BRONI – Un intero condominio rischia lo sfratto nei prossimi mesi. Sono oltre 40 le famiglie che dovranno lasciare al più presto il loro appartamento nel condominio di piazza Italia (48 alloggi e cinque attività commerciali), che è stato pignorato dalla banca dopo che la precedente proprietaria non aveva pagato le rate del mutuo acceso per acquistare lo stabile. Solo poche famiglie finora hanno riconsegnato le chiavi, mentre la maggior parte vive ancora nello stabile e molte hanno figli minori e quindi non possono essere sfrattate prima di aver trovato un’abitazione alternativa. «L’unica parte lesa in questa faccenda sono le famiglie affittuarie di piazza Italia a cui l’ex proprietario ha affittato degli immobili già pignorati e le famiglie già titolari di contratto precedente al pignoramento, alle quali non è stata data la possibilità di pagare l’affitto e adesso si trovano sotto sfratto per morosità» spiega la Rete Antisfratto di Pavia che sta seguendo la vicenda a fianco degli inquilini. La protesta delle famiglie è scoppiata sabato scorso, quando una trentina di loro ha organizzato un presidio spontaneo davanti al municipio di Broni per chiedere un incontro con l’amministrazione comunale. I manifestanti sono entrati in municipio e hanno interrotto il consiglio comunale. A quel punto il sindaco Antonio Riviezzi e l’assessore al Welfare Cristina Varesi hanno incontrato una delegazione degli inquilini per trovare una soluzione. «Comprendiamo l’importanza del problema: è una situazione che già conoscevamo e stiamo affrontando assieme ai servizi sociali. – sottolinea Riviezzi – Ho chiesto l’interessamento della Prefettura, anche perché lo sfratto coinvolge tanti nuclei familiari. Da parte nostra c’è piena disponibilità a monitorare la situazione. Cercheremo di dare una mano, nella consapevolezza che il Comune non dispone di alloggi liberi. Quelli presenti a Broni sono di proprietà di Aler, ma necessitano di interventi di sistemazione».
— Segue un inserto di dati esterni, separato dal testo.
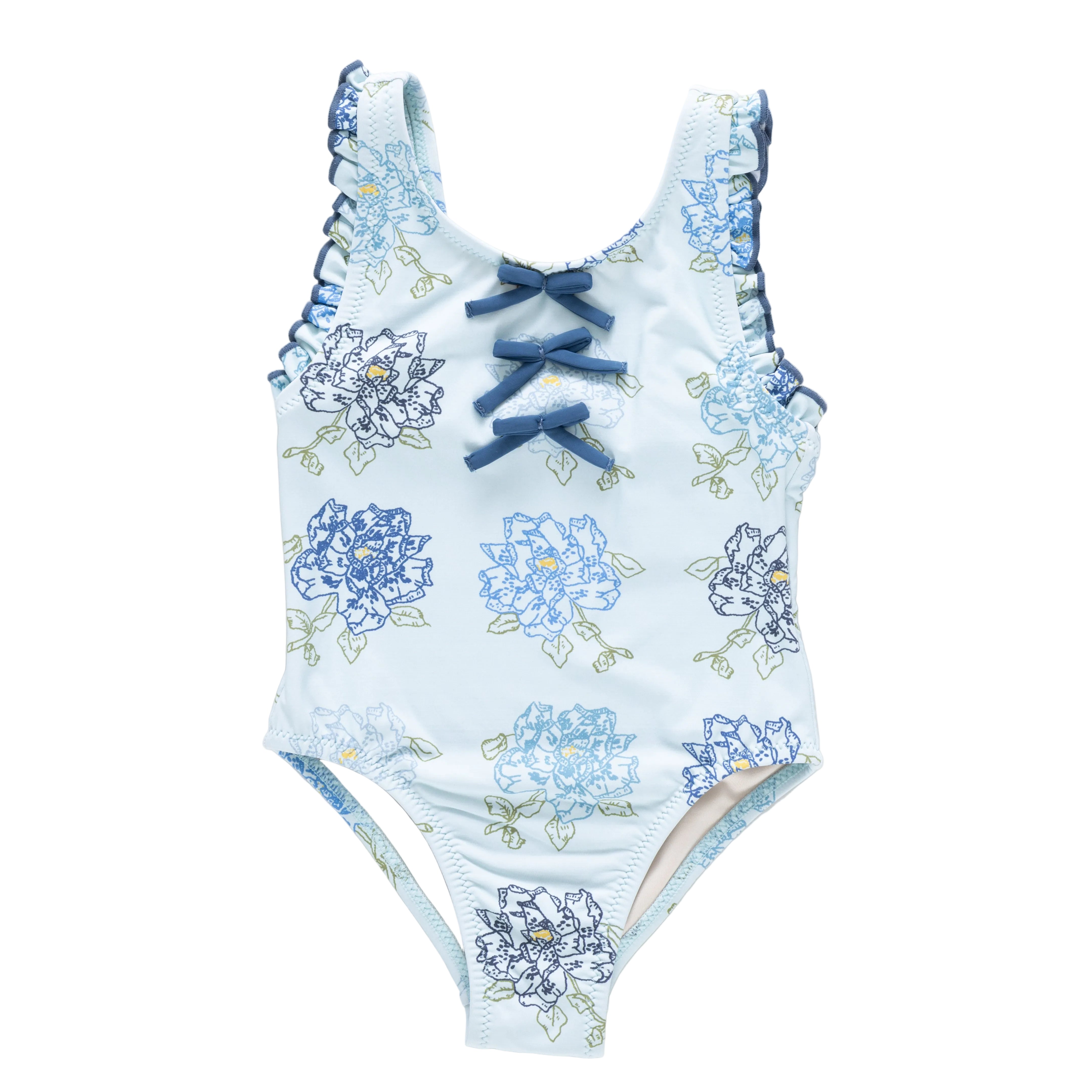 New this season and full of charm, the Blue Quilt Floral Sylvie Bow Suit by Pink Chicken is a standout swim style designed for sweet summer moments. A soft blue quilt inspired floral sets a timeless backdrop, while three applied bows at the center front bodice add signature sweetness and eye catching detail. Playful ruffles at the armholes create a polished silhouette that feels both special and fun, making this one piece perfect for beach days, pool parties, and every splash in between.

Il Comune sta spingendo per una soluzione temporanea al problema (a metà dicembre sono già programmati nuovi sfratti, che proseguiranno nel 2020): «Serve un tavolo allargato che coinvolga anche Aler, comitato antisfratto e Prefettura. Data la presenza di famiglie con bambini, sicuramente saremo chiamati a seguire l’evolversi della situazione. Da un punto di vista umano la nostra disponibilità è al 100%. Ora cercheremo di capire con l’ufficiale giudiziario se c’è margine per una proroga, che permetta alle famiglie di affrontare i mesi invernali negli appartamenti attualmente occupati».